===== DATA UNDER STUDY =====

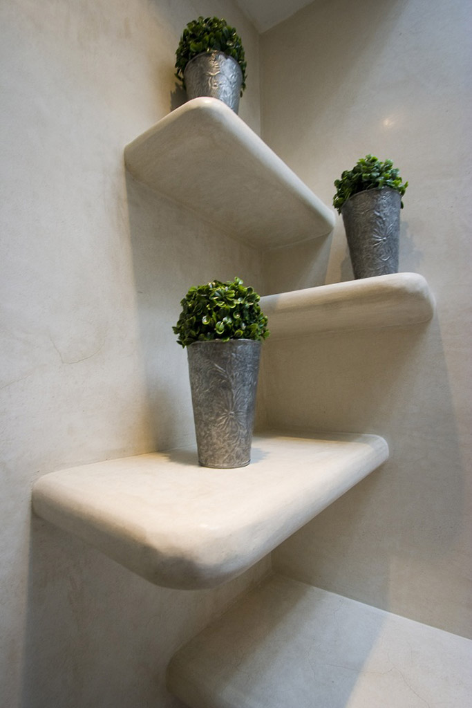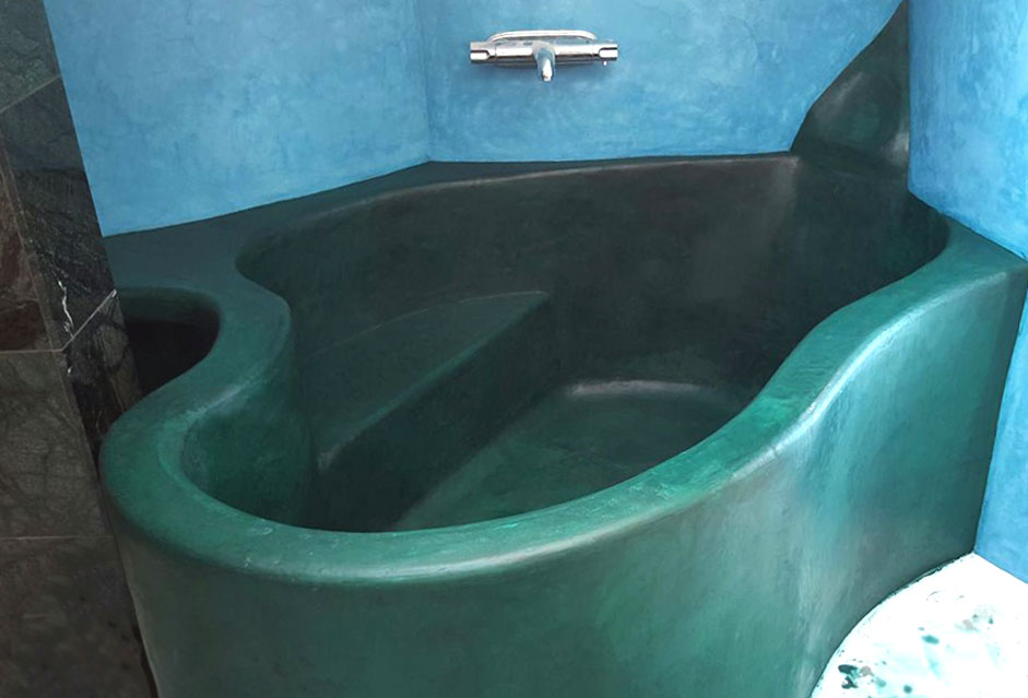Tynk tadelakt może być nakładany na ściany, podłogi i sufity wszędzie tam, gdzie występuje większa wilgotność. Są to głównie łazienki. Możesz zdecydować się na marokański tadelakt na ścianach kabiny prysznicowej, nad wanną lub umywalką albo w całym pomieszczeniu.
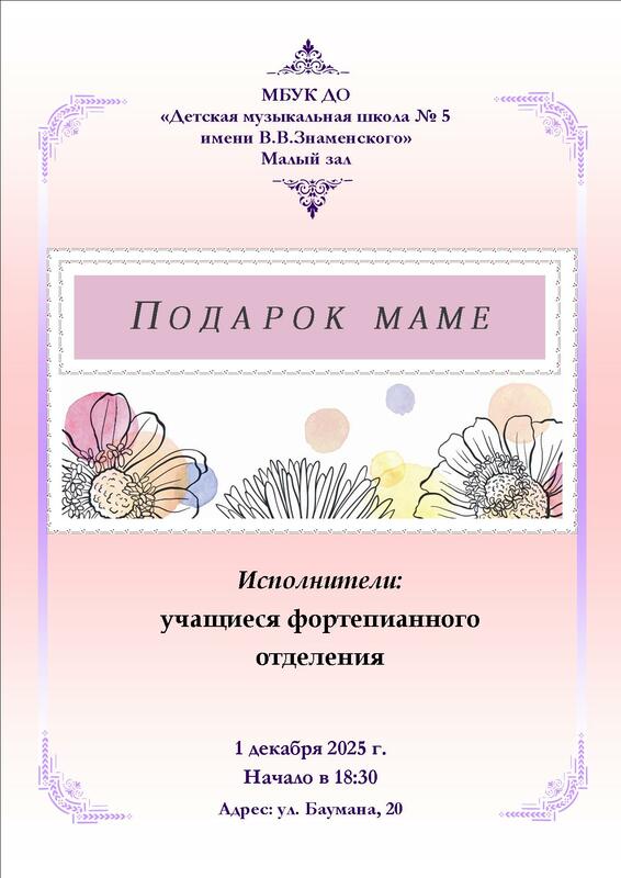 1 декабря (пн) в Малом зале ДМШ № 5 им. В. В. Знаменского состоится концерт фортепианного отделения "Подарок Маме".
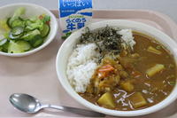 今日のメニューは、麦ごはん、牛乳、チキンカレー、いりこの酢だき、パインサラダです。
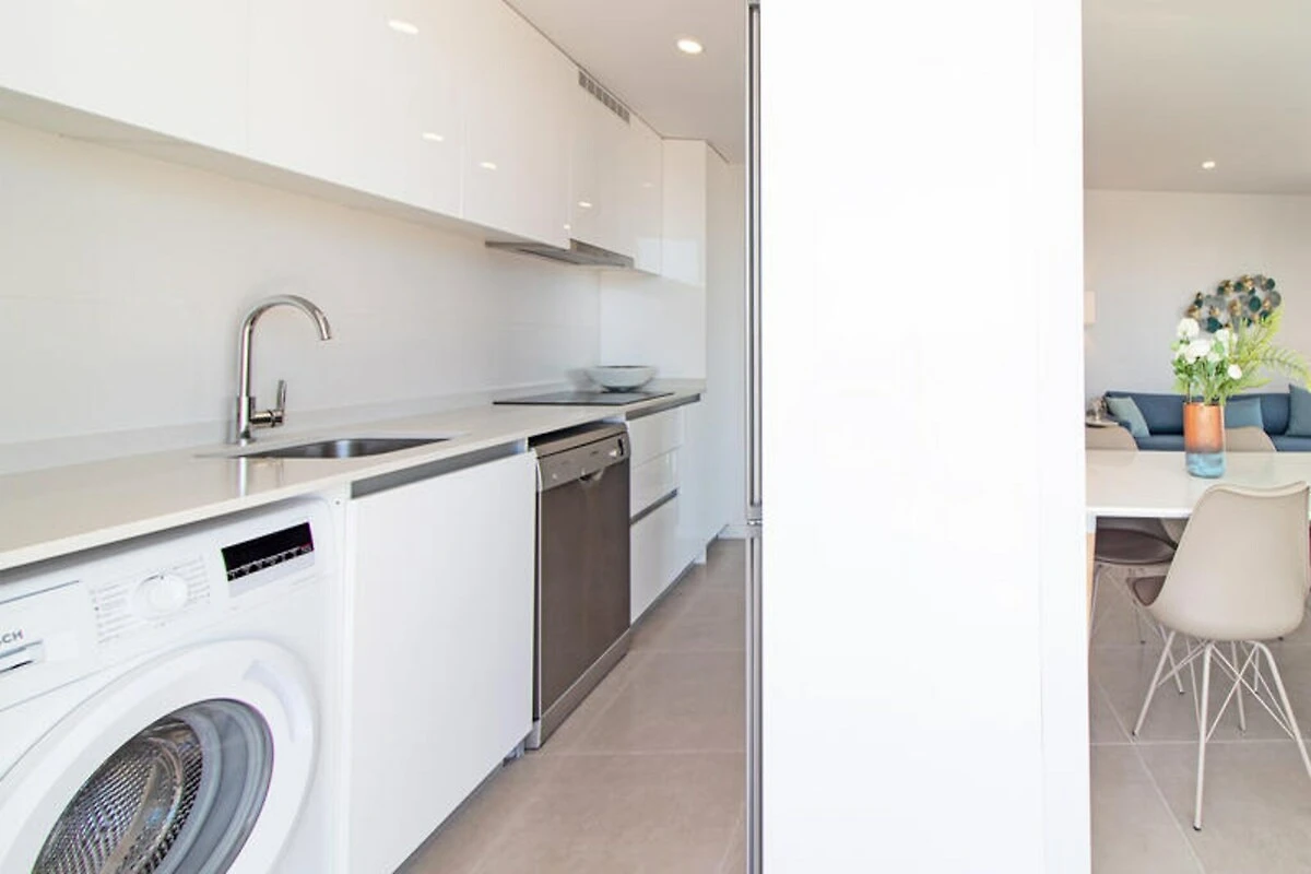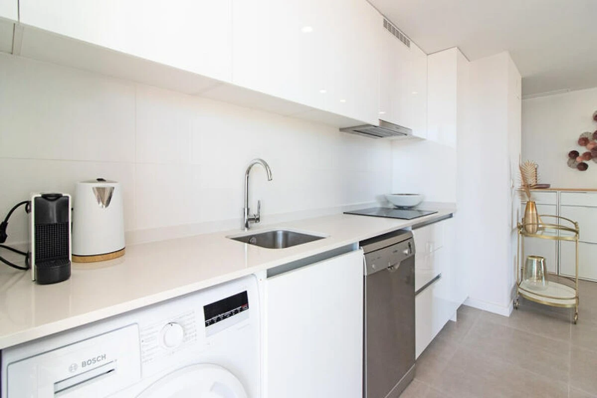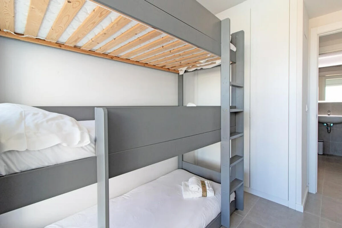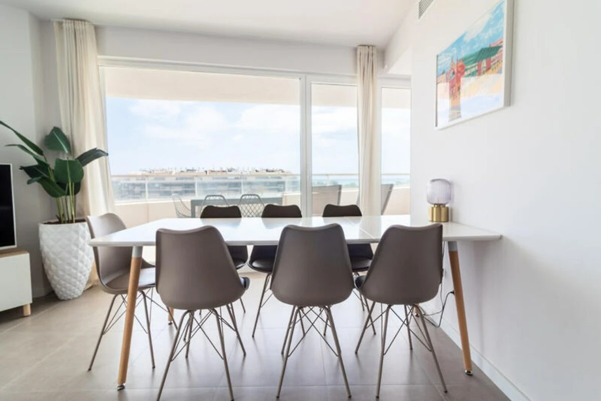 Das Apartment ist durchdacht gestaltet und bietet Platz für bis zu sieben Gäste. Es verfügt über drei geräumige Schlafzimmer, zwei moderne Badezimmer sowie einen offenen Wohn- und Küchenbereich, der nahtlos in eine herrliche Terrasse übergeht. Eine zweite Terrasse bietet zusätzlichen Raum zum Entspannen oder für Mahlzeiten mit Familie und Freunden. Hell, luftig und komplett ausgestattet, garantiert die Unterkunft einen komfortablen Aufenthalt mit allem Komfort, damit Sie sich wie zu Hause fühlen.
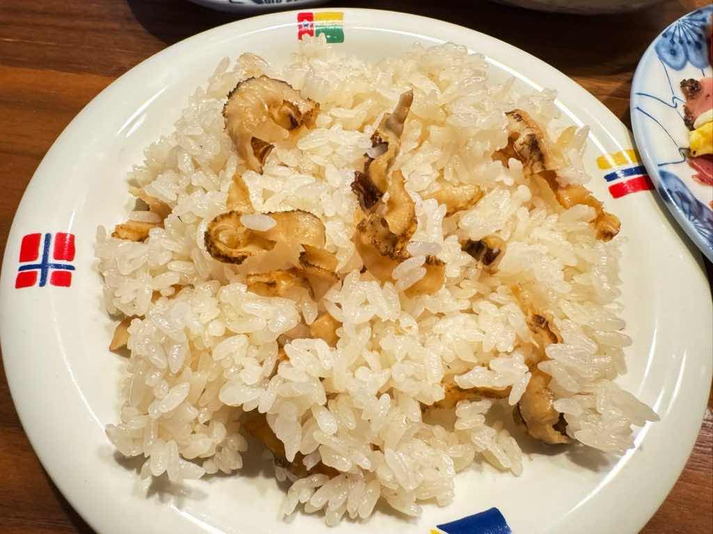 マルヨシさんで買っていたホタテ貝ひもの乾物で炊き込みご飯にしただけなのです。

=====

### ABOUT THIS TASK
Copy exactly and only this span: the line with "今日のメニューは、麦ごはん、" through the final line of the entries, both ends included, with the pictures left out.

### TASK ANSWER
 今日のメニューは、麦ごはん、牛乳、チキンカレー、いりこの酢だき、パインサラダです。
 Das Apartment ist durchdacht gestaltet und bietet Platz für bis zu sieben Gäste. Es verfügt über drei geräumige Schlafzimmer, zwei moderne Badezimmer sowie einen offenen Wohn- und Küchenbereich, der nahtlos in eine herrliche Terrasse übergeht. Eine zweite Terrasse bietet zusätzlichen Raum zum Entspannen oder für Mahlzeiten mit Familie und Freunden. Hell, luftig und komplett ausgestattet, garantiert die Unterkunft einen komfortablen Aufenthalt mit allem Komfort, damit Sie sich wie zu Hause fühlen.
 マルヨシさんで買っていたホタテ貝ひもの乾物で炊き込みご飯にしただけなのです。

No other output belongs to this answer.